Studio album by Jakko M. Jakszyk
- Released: 2006
- Genre: Jazz-rock; progressive rock;
- Length: 87:29
- Producer: Jakko M. Jakszyk

= The Bruised Romantic Glee Club =

The Bruised Romantic Glee Club is the fifth solo album by English musician Jakko M. Jakszyk. it was his first release in 9 years since 1997s The Road to Ballina and first since the breakup of the 21st Century Schizoid Band, a band featuring former members of early lineups of the progressive rock band King Crimson. Jakszyk was the only member who previously hadn't been a member of the band though he did join the band when they reformed in 2013. Due to Jakszyk's membership of the Schizoid band, the album features members of the band.

== Overview ==

The Bruised Romantic Glee Club is a double album in which the first disc ("Now") consists of original songs by Jakszyk and the second disc ("Then") consists of cover versions of progressive rock/art rock songs (by artists including Soft Machine, King Crimson and Henry Cow) which served as influences on Jakszyk in his youth. Originally envisaged as "largely instrumental with a couple of songs thrown in," the writing and production of the album was subsequently interrupted by significant events in Jakszyk's life including the deaths of his adoptive parents and the ending of a relationship, meaning that he ended up exploring "some uncomfortable corners of the past" through song.

The album also features members of various prog rock and jazz rock bands from the 1970s until the present day, including Mark King, Nathan King, Gary Barnacle and Lyndon Connah of Level 42; Dave Stewart and Clive Brooks of Egg and Gavin Harrison and Suzanne Barbieri (Richard Barbieri's wife) of Porcupine Tree. The album also features contributions from King Crimson leader and guitarist Robert Fripp.

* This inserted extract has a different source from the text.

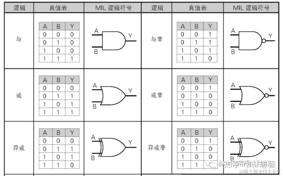 这是采用半导体组成的 【与门】 ,也就是当A和B都是1的情况下,Y才会是1,其它都是0。

The Bruised Romantic Glee Club features a composition that had previously been performed by the 21st Century Schizoid Band on their 2003 and 2004 tours. Called Catley's Ashes, and instrumental composition that's recorded version features contributions Mel Collins of alto and tenor saxophones, Mark King on bass guitar and Gavin Harrison on drums, as well as Jakszyk on electric guitar and keyboards.

==Critical responses==

In AllMusic, Dave Lynch observes that the album "well demonstrates Jakszyk's prog skills and makes it easy to hear why Robert Fripp would subsequently invite him to step into the KC vocalist role... But also consider that 2006's ...Bruised... is a bit of a, well, schizoid listening experience... As a result, the heartfelt original songs on the first disc stand at a fairly wide distance from the covers of '60s and '70s art rock classics on the rather short (35-plus-minute) second disc, vintage numbers from Crimson, Soft Machine, and Henry Cow performed with help from such cult figures as Dave Stewart, Hugh Hopper, Mel Collins, and Ian Wallace... For those listeners eager to hear updated versions of prog, avant-prog, and art rock numbers from decades ago, the second disc is likely to hit the CD player first... The first disc is not without its pleasures that would have fit nicely on the second, particularly the instrumental "Catley's Ashes," with its intricate arrangement of saxes and guitars over a cruising 7/8 rhythm... Ultimately, Henry Cow's "The Citizen King" and Jakszyk's "When We Go Home" really are from different musical universes. Nevertheless, while The Bruised Romantic Glee Club has a case of split-personality disorder, it's a fine showcase for the future King Crimson singer/guitarist (along with his stellar collaborators), and nicely set the stage for his higher-profile work to follow."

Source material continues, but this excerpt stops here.